LE PETIT OUVRAGE posthume d’Hrant Dink, journaliste turc d’origine
arménienne, assassiné à Istanbul en janvier 2007, est le manifeste
d’un homme d’action qui a laissé son empreinte sur le monde, sur nos
esprits : " Qui nous a adoucis à son seul toucher ", écrit en
préambule Etyen Mahçupyan, qui lui a succédé à la tête du journal
turco-arménien Agos.

Ce texte, écrit en 2005, est longtemps resté dans un tiroir. Après la
mort de l’intellectuel, qui faisait figure de porte-parole des
Arméniens de Turquie, sa publication s’est imposée.
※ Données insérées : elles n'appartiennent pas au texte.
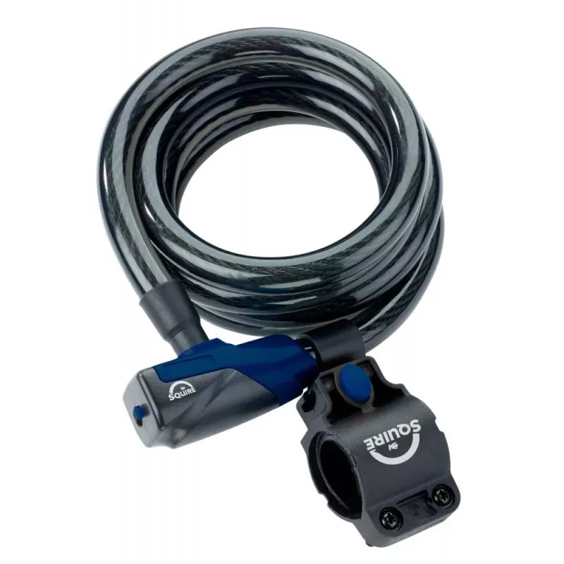Schloss SQUIRE Modell: KildaSpiralkabel Schlüssel 15 x 1800 schwarzStrapazierfähige, kratzfeste PVC-Kabelummantelung Staubschutz für den Schließzylindermit Halter für Sattelstütze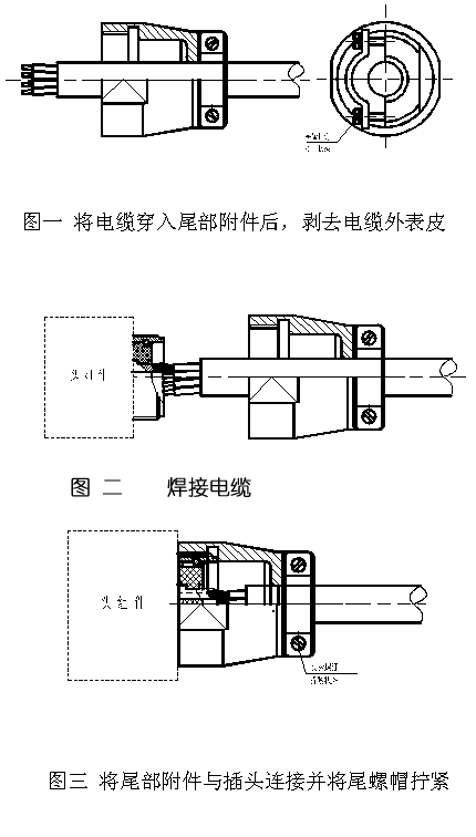 將尾部附件從插頭上擰開并將尾螺帽擰開(如圖所示)以便電纜線穿入—電纜線從尾部附件的孔中穿入—?jiǎng)兙—焊線—與插頭尾部連接—將護(hù)線套或夾線板擰緊。其主要過程與步驟用下列3個(gè)圖來表示。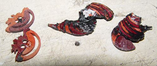 Everything else is covered in glue and not distinguishable, but James got the individual pieces cut while I was gone. Here's the face taking shape: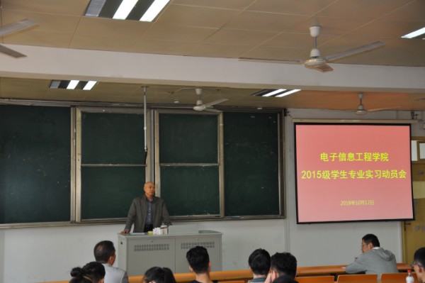 10月12日中午,电子信息工程学院在1232教室召开2015级学生专业实习动员会。院党总支副书记王正昱(主持工作)、副院长徐志国出席会议并发言,专业实习带队老师和15级学生参加会议。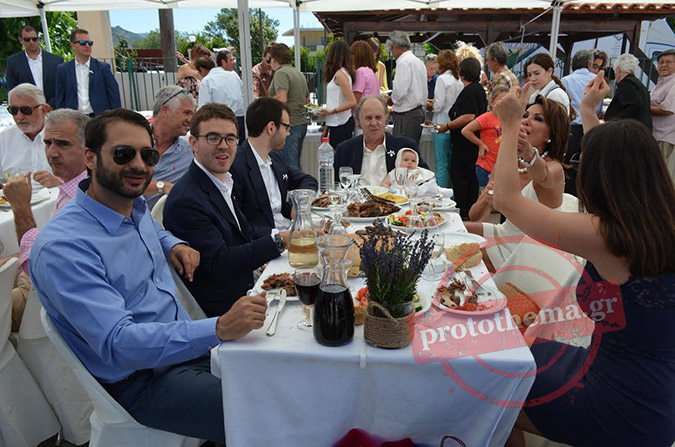 Οι 70 περίπου καλεσμένοι έφθασαν με πουλμανάκια από την Εκκλησία στο προαύλιο του σχολείου, ενώ η κυρία Αγγελοπούλου μιλούσε συνεχώς με κατοίκους του χωριού.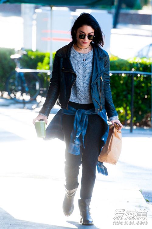 黑色皮夹克开春穿正好,配短款毛衣和紧身裤、短靴,连哈比人凡妮莎-哈金斯都变得气场十足了。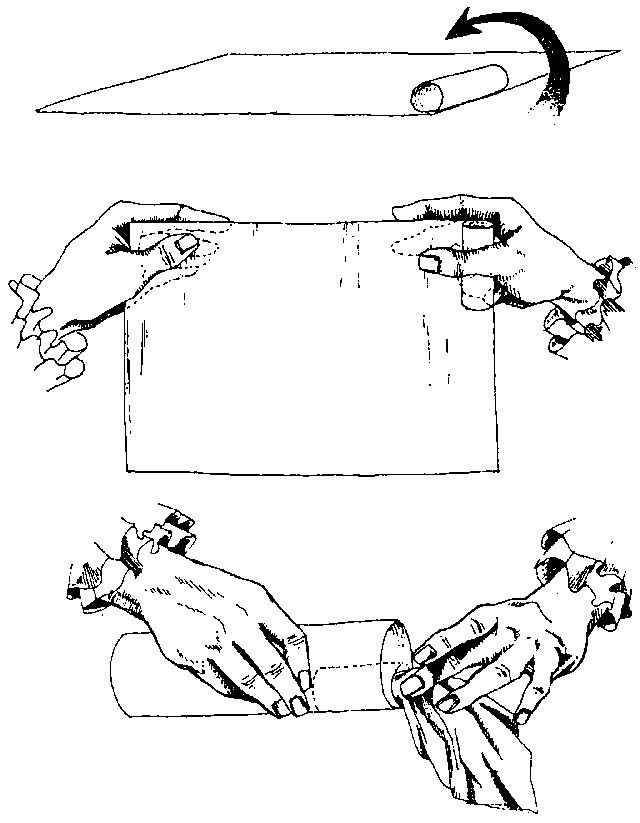 Переднюю часть я показывал вам медленно, а заднюю — быстро, потому что держал лист своей правой рукой, не собранной в кулак. Я не хочу, чтобы вы заметили, что в моей руке скрывается маленькая бумажная трубочка, прикрепленная к краю большого листа. Затем я скатываю большой лист и держу его при этом моей левой рукой, а потом пропускаю три белых носовых платка — правой рукой.
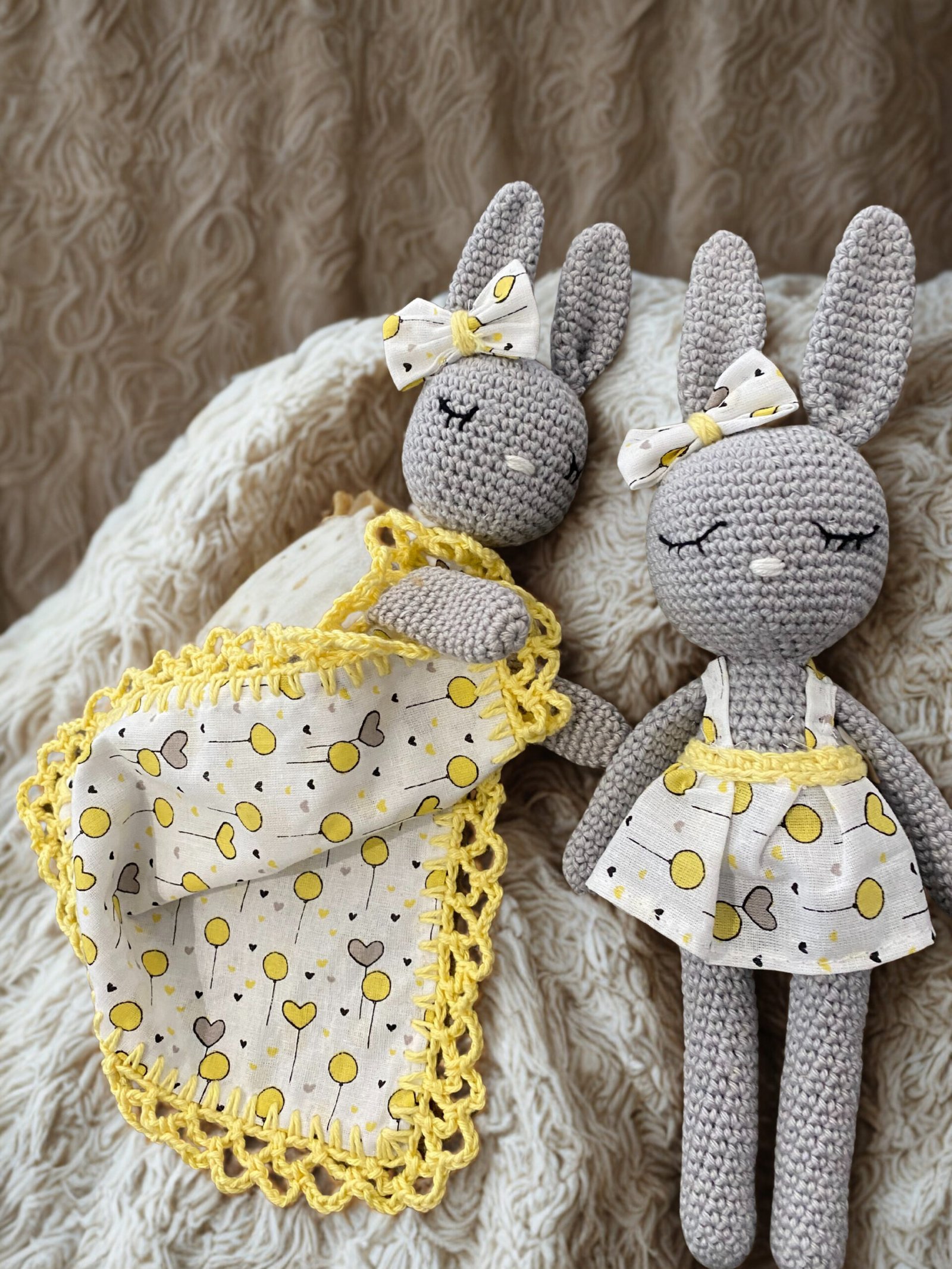 Ce doudou crochet lapin personnalisé est une création artisanale pensée pour accompagner bébé dès ses premiers instants. Entièrement confectionné à la main, ce doudou crochet allie douceur, esthétisme et authenticité dans un design inspiré de la nature. Ses tons gris et jaune délicats s’intègrent parfaitement dans une chambre bébé aux couleurs naturelles et apaisantes.

Hrant Dink y livre une analyse sensible de l’état des relations entre
Turcs et Arméniens, " deux peuples proches, deux voisins lointains ",
qu’il cherchait inlassablement à réconcilier. Séparés par le poids de
l’histoire, " les Arméniens et leur traumatisme, d’un côté, les Turcs
et leur paranoïa, de l’autre, se vivent les uns les autres comme des
cas pathologiques ", écrit-il.

L’auteur explique dans ce court exposé que " le premier code du
cadenas " est la réouverture de la frontière commune entre les deux
pays, bouclée par Ankara en 1993. Quatre ans plus tard, son voeu n’est
pas loin d’être exaucé : la Turquie et l’Arménie ont lancé, après sa
mort, un processus de normalisation diplomatique. Ils pourraient
rouvrir la frontière dans les prochains mois, malgré les réticences et
les inquiétudes toujours vives de part et d’autre. En attendant, le
lourd héritage du génocide des Arméniens d’Anatolie pendant la
première guerre mondiale, et la négation de l’Etat turc, continuent
d’empoisonner les relations.

Hrant Dink, tué par un jeune fanatique d’extrême droite, aura tout
tenté pour " adoucir la paranoïa des Turcs " et atténuer le
ressentiment des Arméniens. Ouvrir le dialogue " pour déverrouiller
l’histoire " était son mot d’ordre. Pour cela, il était combattu par
les nationalistes turcs et parfois mal compris dans la diaspora
arménienne. Hrant Dink était l’un des seuls à pouvoir toucher les deux
communautés. Arménien de Turquie, il donne ici les clés pour sortir de
l’impasse et " mettre le désir à la place de la peur " : le désir de
découverte, de la vérité et de la réconciliation des peuples.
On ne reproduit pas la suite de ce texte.